Winston John McCarthy (10 March 1908 - 2 January 1984) was a rugby union radio commentator during the 1940s through to the 1960s who became known as the "Voice of New Zealand Rugby". He is particular remembered for his broadcasts of the New Zealand Expeditionary Force "Kiwis" during the Second World War and later for All Blacks matches.

Born in Wellington he was educated at St Patrick's College. As a schoolboy, McCarthy recalled meeting VC winner Billy Hardham in 1922; "a very silent, simple man" living in a flat in Kelburn who had played rugby for Wellington 51 times, and who gave him a historic book on rugby.

A promising rugby union half-back, he played for the Manawatu B and Bush (Now part of Wairarapa-Bush) teams in the 1930s. In 1936 he moved to the South Island's West Coast and played rugby league for the Waiuta club before a shoulder injury ended his playing career.
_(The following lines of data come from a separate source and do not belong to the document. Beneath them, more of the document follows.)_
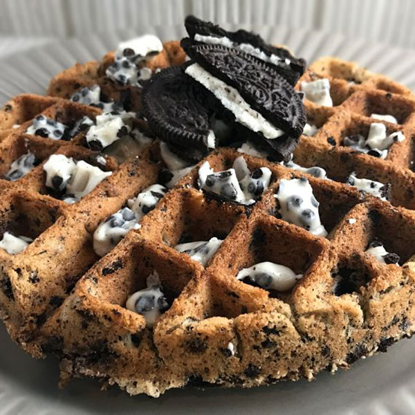 An explosion of oreo crumbles drizzled with white chocolate on a fresh golden waffle served with a scoop of kellys vanilla bean ice cream topped with chocolate sauce.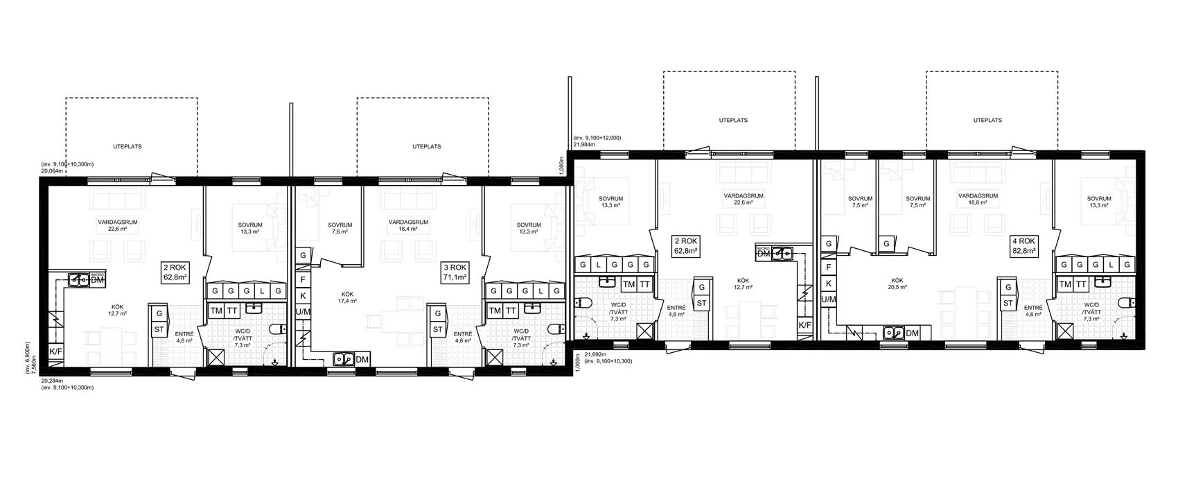 Kombo länga består av fyra st välplanerade lägenheter. Två stycken 2-rumslägenheter på vardera 62,8 kvm, en 3-rumslägenhet på 71,1 kvm samt en 4-rumslägenhet på 82,8 kvm.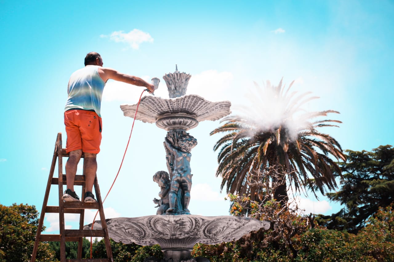 Comenzaron las obras de pintura en la fuente de Plaza Belgrano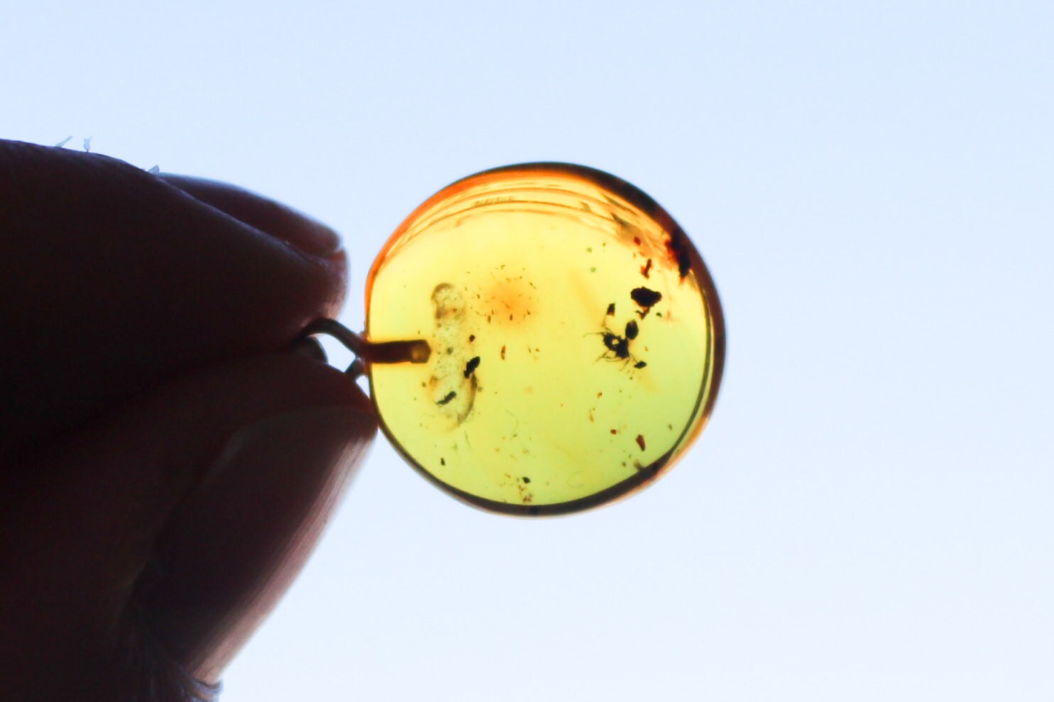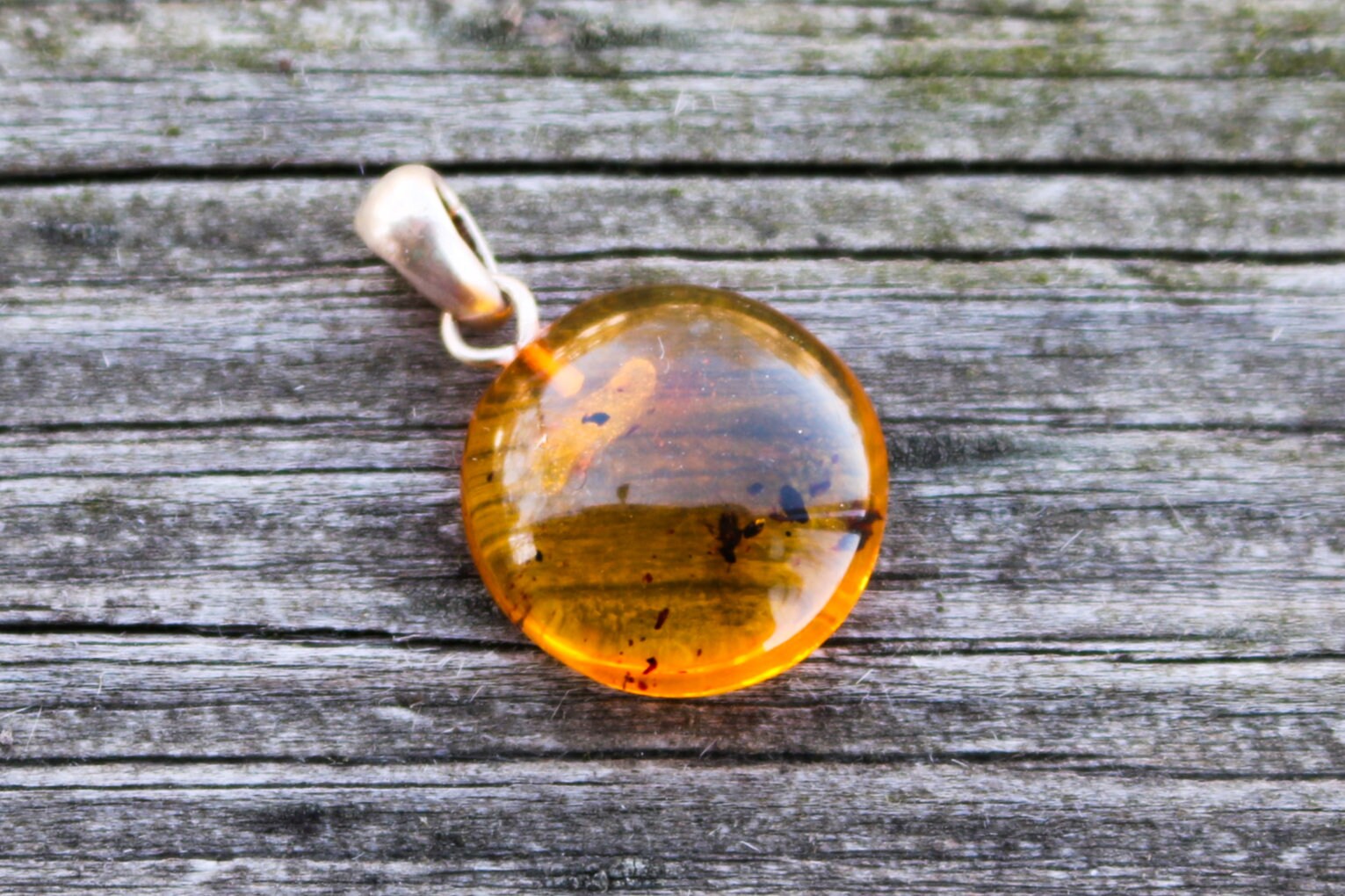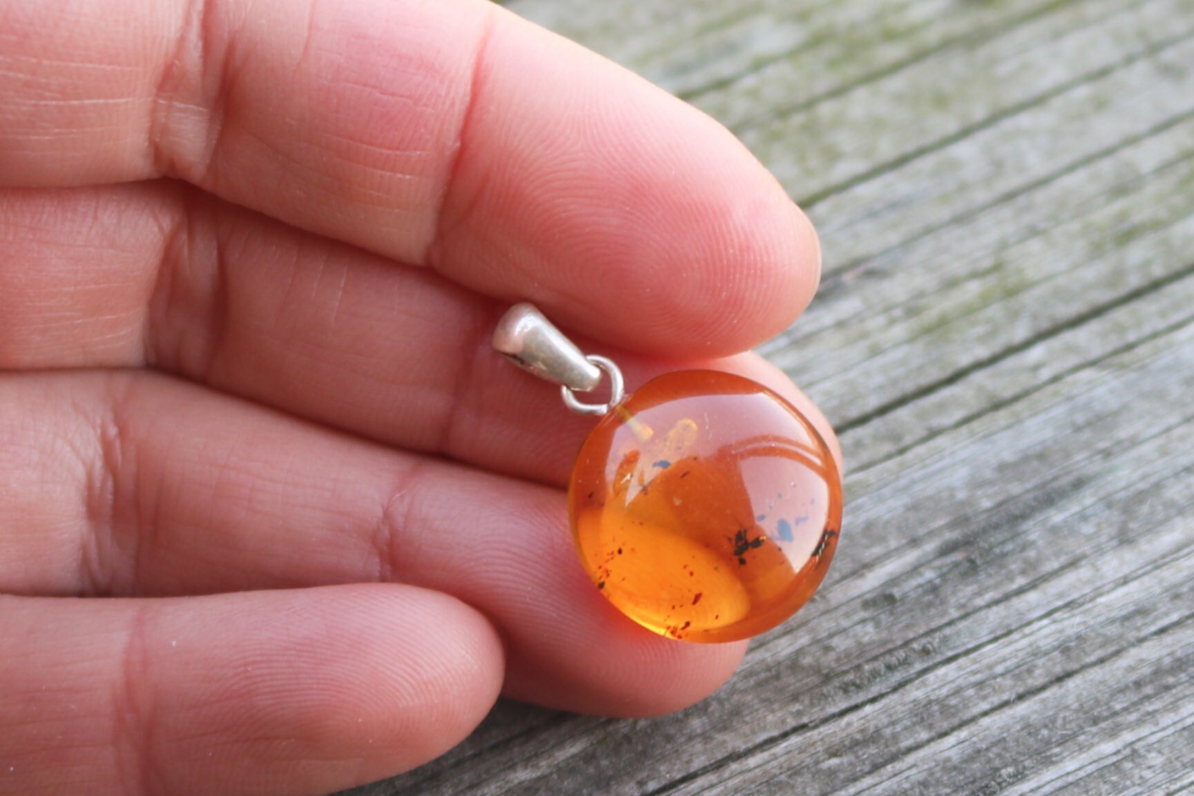 Baltic Amber Pendant Fossil Insect Round Natural Honey Untreated 1" 1.7 gram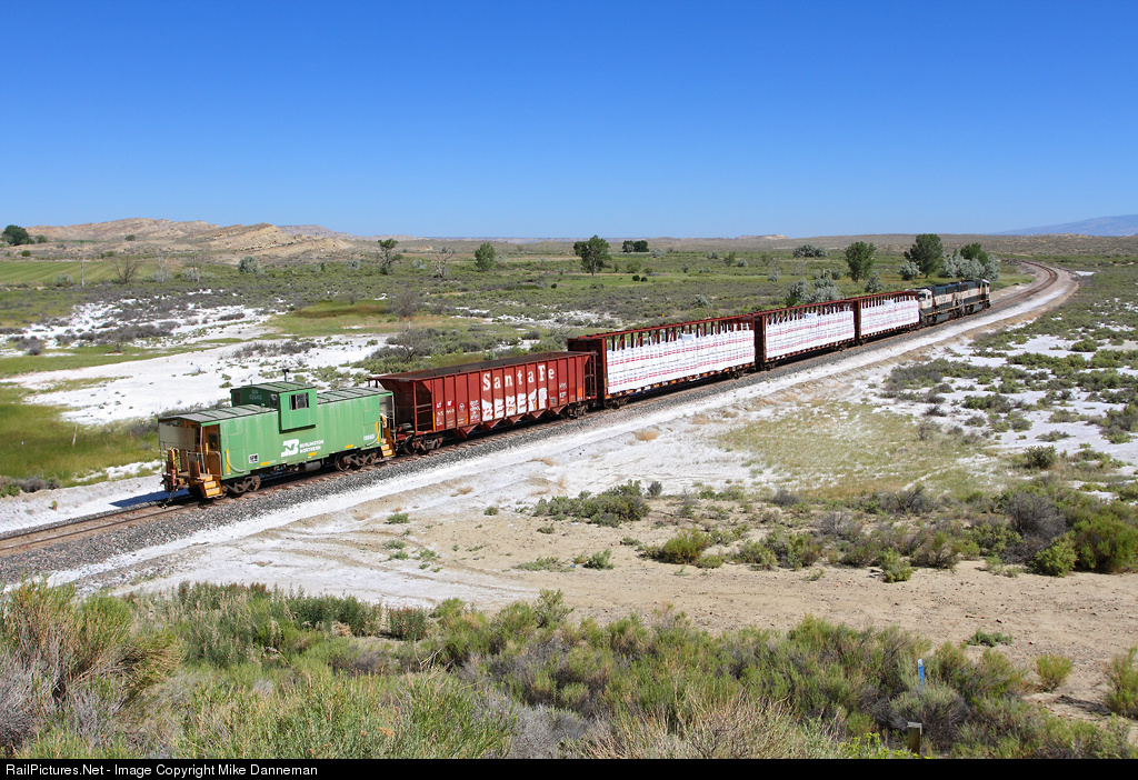 BNSF’s Cody local passes through Garland, Wyoming, on June 24, 2016. The four-car train is led by a pair of former Burlington Northern EMD SD70MACs and trailed by BN caboose No. 12540, and is headed for the junction with the Casper Subdivision main line at Frannie.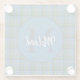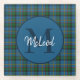 Monogrammed coaster done in a traditional and colourful Scottish clan MacLeod tartan plaid pattern. A blue circle has a monogram and family name. Personalise the monogram and name to suit your needs.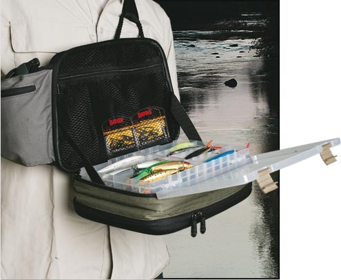 Revolutionäre Tasche für den mobilen Fischer. Man hängt sich die Tasche um, die wichtigsten Fächer öffnen sich wie ein Tablett nach vorne, mit gegebenenfalls innen liegenden Tackle-Boxen der Größe 3600, die hier Platz finden. Es gibt zwei große Fächer-Abteilungen mit Doppel-Reißverschluss. Auf dem gepolsterten Schulterriemen befinden sich ein D-Ring, eine Tasche mit Reißverschluss an Vorder- und Rückseite sowie ein Zangen-Halter.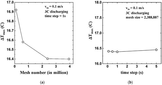 Figure 2 presents the grid independence test for the interconnected channel cold plate design with a constant inlet velocity of . The number of mesh elements varies between 800,000 and 4,000,000 with equal time step of 1 s. Figure 2a shows that the predicted maximum battery temperature rise (∆Tmax) remains nearly unchanged beyond the mesh size of 2,000,000. Similarly, in Figure 2b the effect of time-step sizes was studied, varying between 0.1 s and 5 s. Four cases have been conducted at time steps of 0.1 s, 0.5 s, 1 s, and 5 s. In this trial, the predicted (∆Tmax) is not significantly influenced for the time step of 1 s and above. Hence, in this study, the total number of mesh elements for the interconnected design was set to 2,000,000, with a time step of 1 s.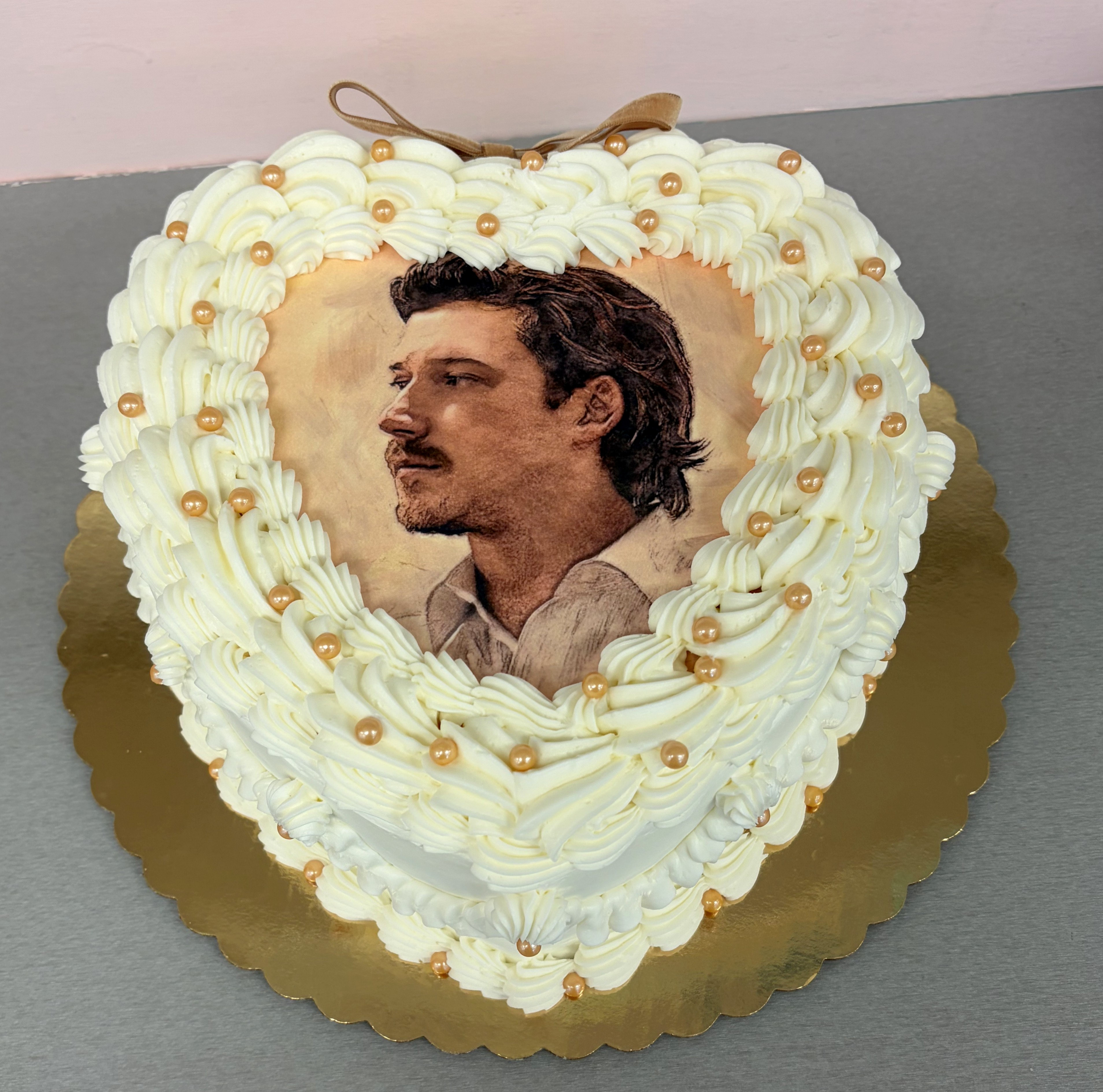 White Icing Decoration with Gold Sugar Pearls. Edible Picture of Morgan Wallen's album cover. The ribbon bow on the back is a velvet, sable colored ribbon. Cake shown is a 9" Heart.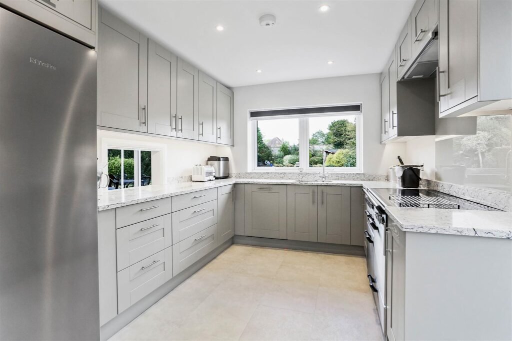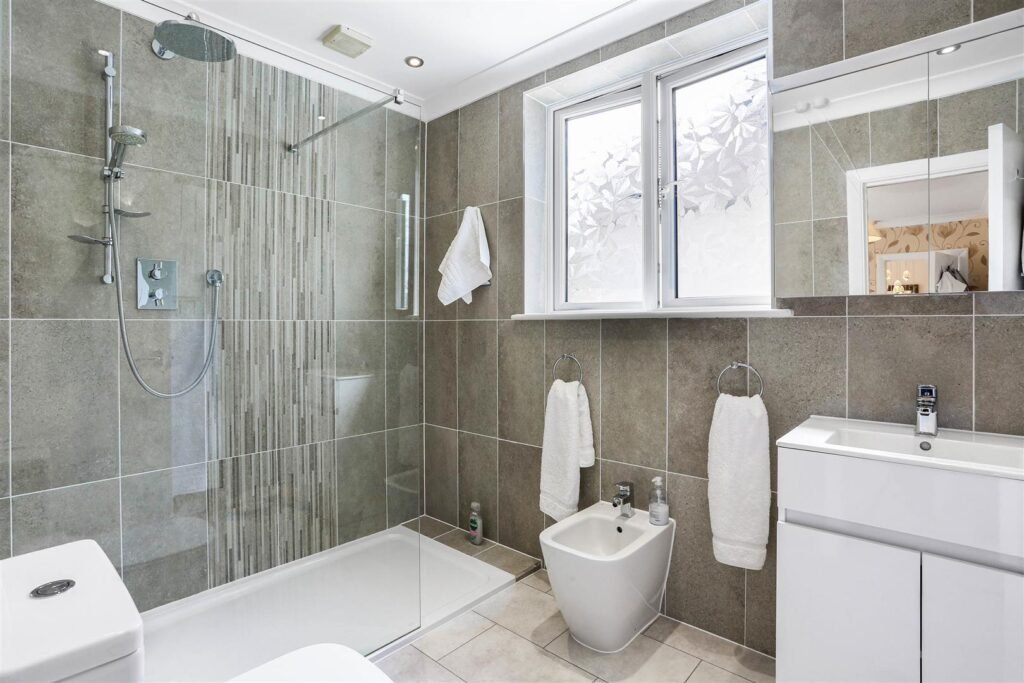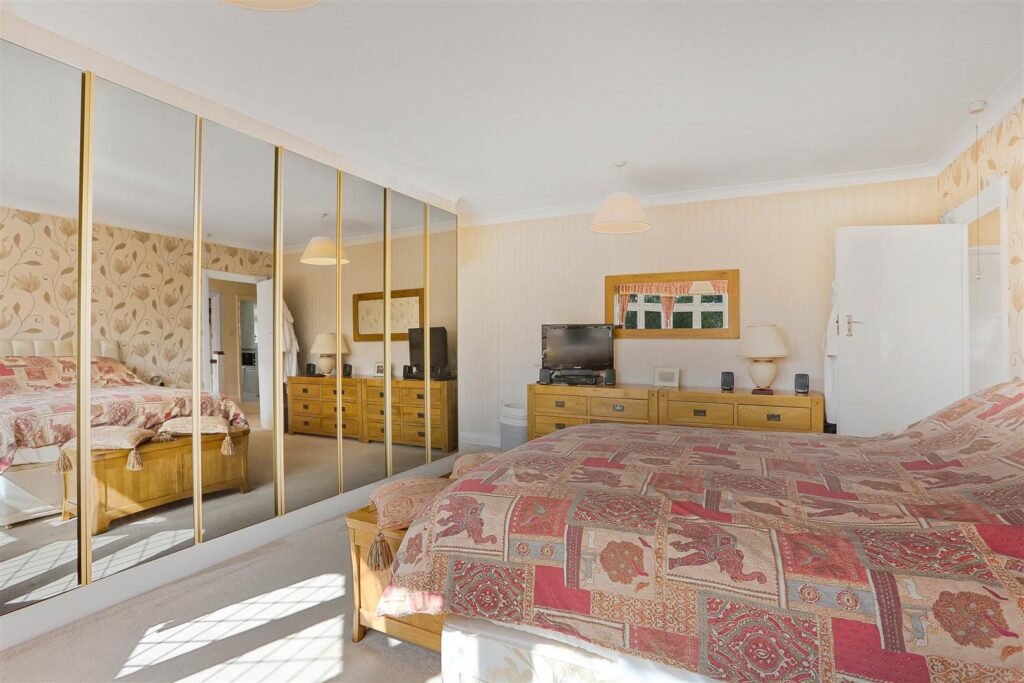 Upstairs, five double bedrooms provide flexible accommodation, with en-suites to three of them, plus a family bathroom. Every room is well-proportioned and filled with natural light, creating a calm and comfortable retreat.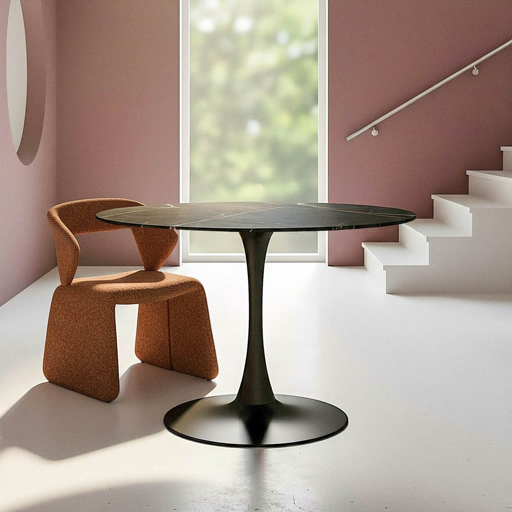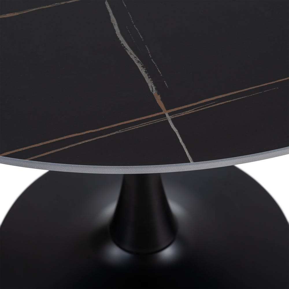 Material: Pedra sinterizada – metal (ferro). Diâmetro da base: 60 cm. Espessura do tampo: 1,1 cm. Requer montagem.

He began a career in radio in 1937 when he began work as programme organiser for the National Broadcasting Service at station 2YD in Wellington. During the Second World War he worked with well-known sports broadcaster Wallie Ingram as a result of a posting to the Army Education and Welfare service. In 1945–46 he was chosen to broadcast commentaries of the games played in Europe by the Second New Zealand Expeditionary Force rugby team, nicknamed the Kiwis. These were the first live rugby broadcasts from the United Kingdom to New Zealand. It was during one of these matches that he coined his catch-phrase "Listen... Listen... It's a goal!".

His last commentary of a rugby test match was the final test of the 1959 British Lions tour. Before the era of television, when radio and rugby were New Zealand passions, he had broadcast 38 tests, creating vivid, unforgettable word pictures. He had also commentated other sports, such as cricket and boxing, and commentated at the 1950 and 1954 British Empire and Commonwealth and 1956 Olympic games. He was buried at Purewa Cemetery in the Auckland suburb of Meadowbank.